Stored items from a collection
......

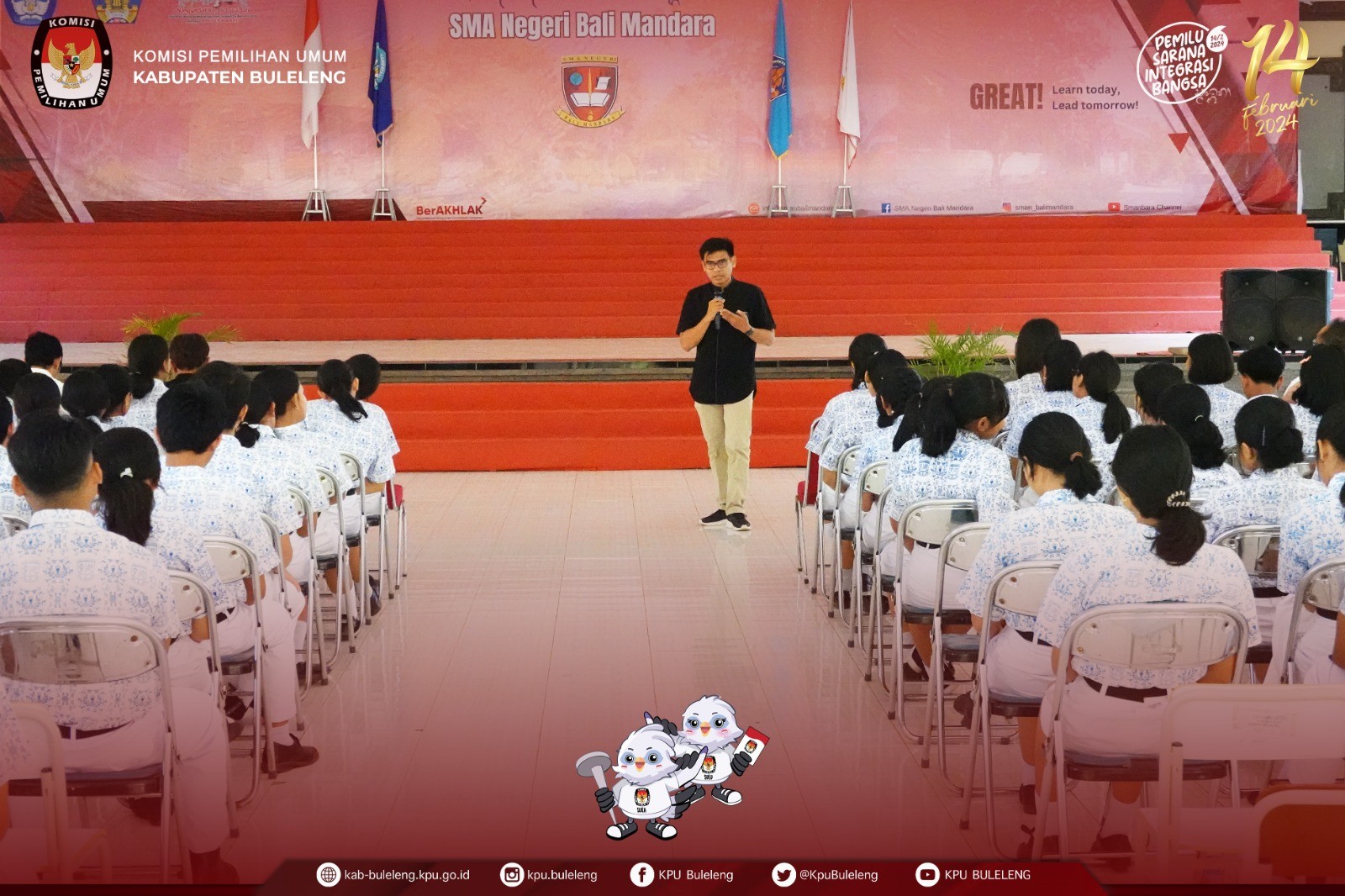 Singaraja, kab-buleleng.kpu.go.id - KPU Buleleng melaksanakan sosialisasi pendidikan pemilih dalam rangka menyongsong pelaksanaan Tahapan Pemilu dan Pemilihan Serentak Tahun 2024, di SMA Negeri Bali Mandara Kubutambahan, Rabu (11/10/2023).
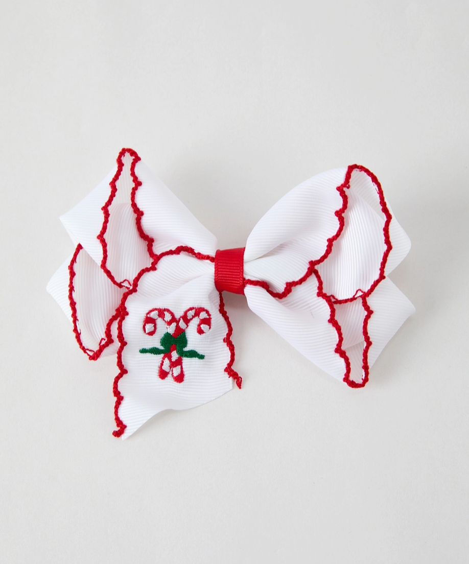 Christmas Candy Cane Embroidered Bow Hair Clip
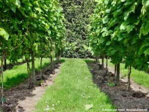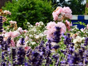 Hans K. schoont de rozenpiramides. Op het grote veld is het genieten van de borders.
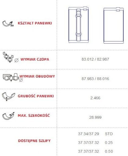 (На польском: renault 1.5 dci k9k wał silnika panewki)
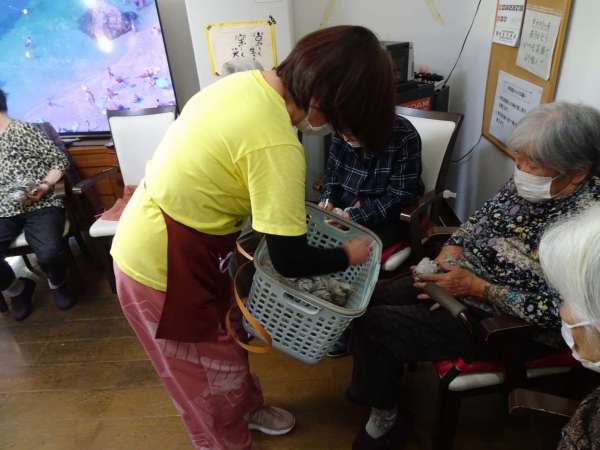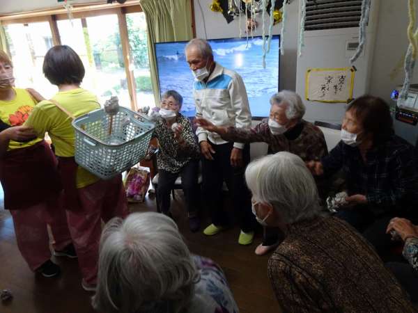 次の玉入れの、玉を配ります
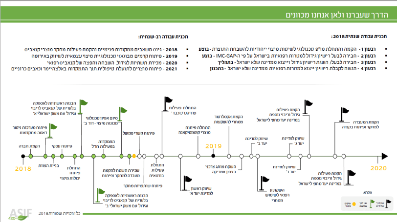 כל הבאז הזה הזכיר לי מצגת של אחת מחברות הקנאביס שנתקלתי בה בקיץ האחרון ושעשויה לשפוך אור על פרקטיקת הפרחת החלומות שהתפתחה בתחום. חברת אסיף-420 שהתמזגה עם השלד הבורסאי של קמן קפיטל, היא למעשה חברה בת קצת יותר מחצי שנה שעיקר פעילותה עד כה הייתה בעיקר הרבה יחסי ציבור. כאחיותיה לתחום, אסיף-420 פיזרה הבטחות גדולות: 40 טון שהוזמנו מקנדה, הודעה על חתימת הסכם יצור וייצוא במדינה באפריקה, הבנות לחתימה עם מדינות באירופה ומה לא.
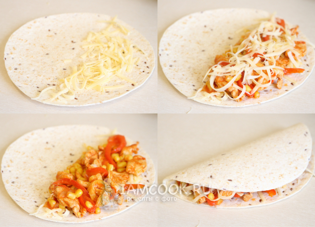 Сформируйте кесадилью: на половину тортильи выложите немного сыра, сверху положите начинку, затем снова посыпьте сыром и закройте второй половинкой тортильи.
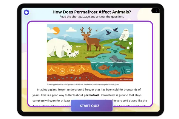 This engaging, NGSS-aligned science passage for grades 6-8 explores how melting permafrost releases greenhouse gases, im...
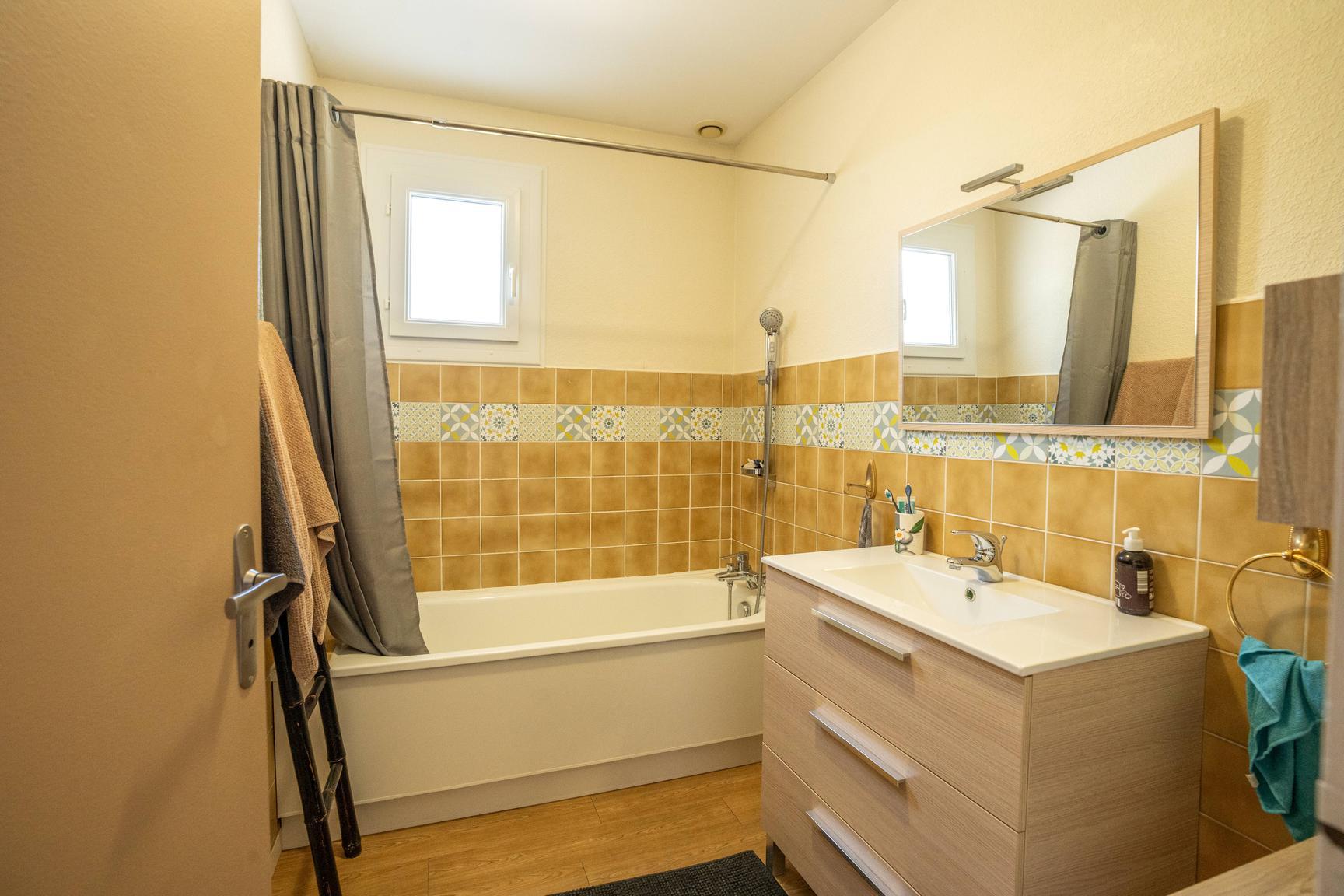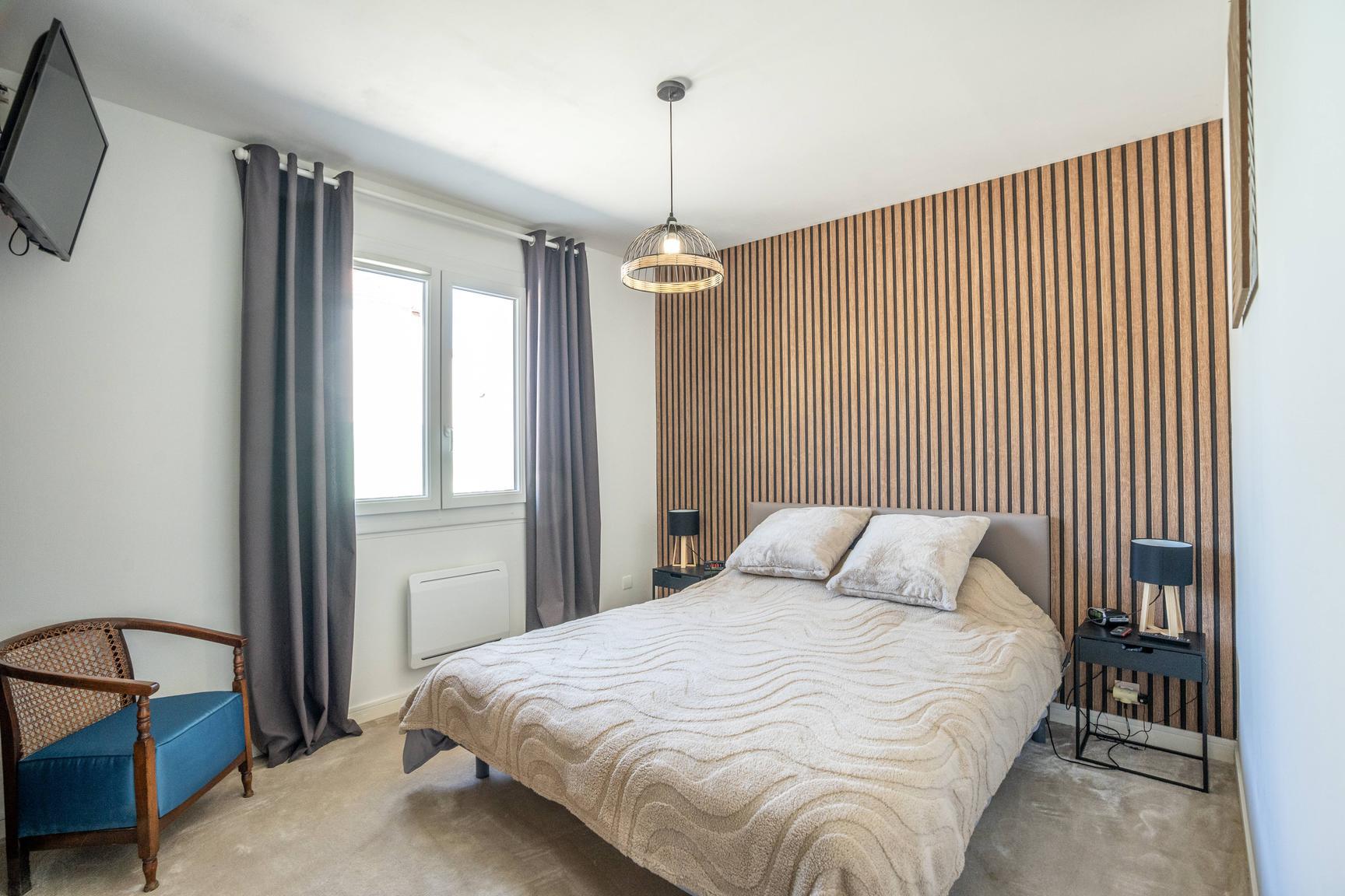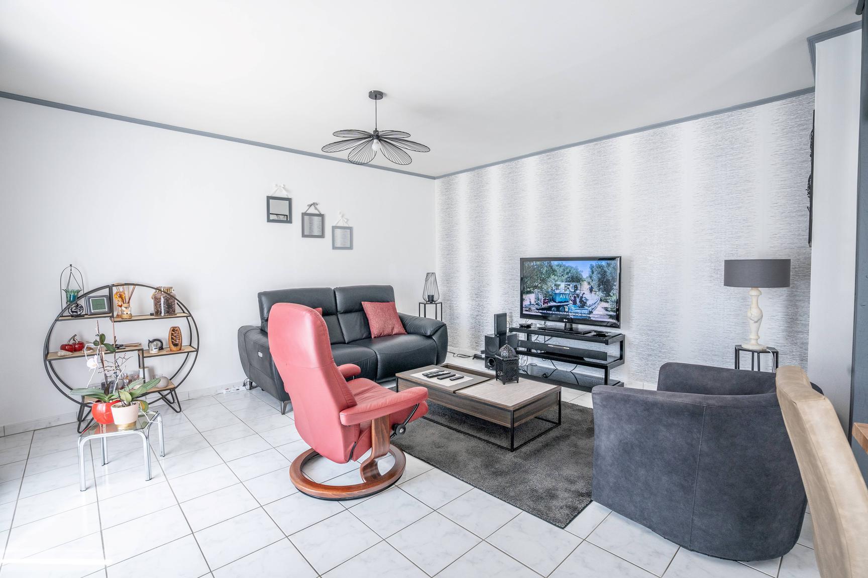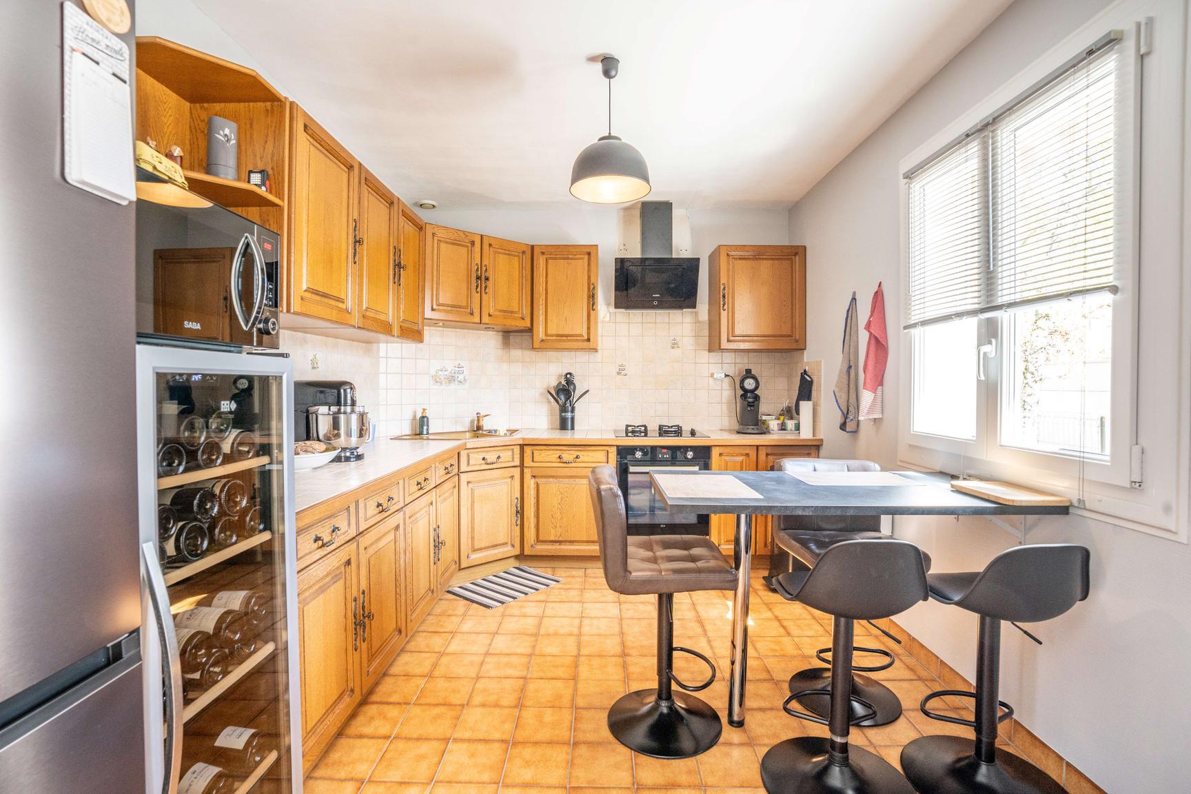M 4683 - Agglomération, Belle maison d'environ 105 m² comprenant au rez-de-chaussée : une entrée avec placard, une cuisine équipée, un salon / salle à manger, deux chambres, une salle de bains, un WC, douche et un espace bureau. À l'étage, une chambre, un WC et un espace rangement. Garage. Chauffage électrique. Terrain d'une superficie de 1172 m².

......

* ASSIGNMENT: Write out again exactly the lines from the start of the data above through the line containing "次の玉入れの、玉を配ります", inclusive, excluding any pictures.

* SOLVED PROBLEM:
 Singaraja, kab-buleleng.kpu.go.id - KPU Buleleng melaksanakan sosialisasi pendidikan pemilih dalam rangka menyongsong pelaksanaan Tahapan Pemilu dan Pemilihan Serentak Tahun 2024, di SMA Negeri Bali Mandara Kubutambahan, Rabu (11/10/2023).
 Christmas Candy Cane Embroidered Bow Hair Clip
 Hans K. schoont de rozenpiramides. Op het grote veld is het genieten van de borders.
 (На польском: renault 1.5 dci k9k wał silnika panewki)
 次の玉入れの、玉を配ります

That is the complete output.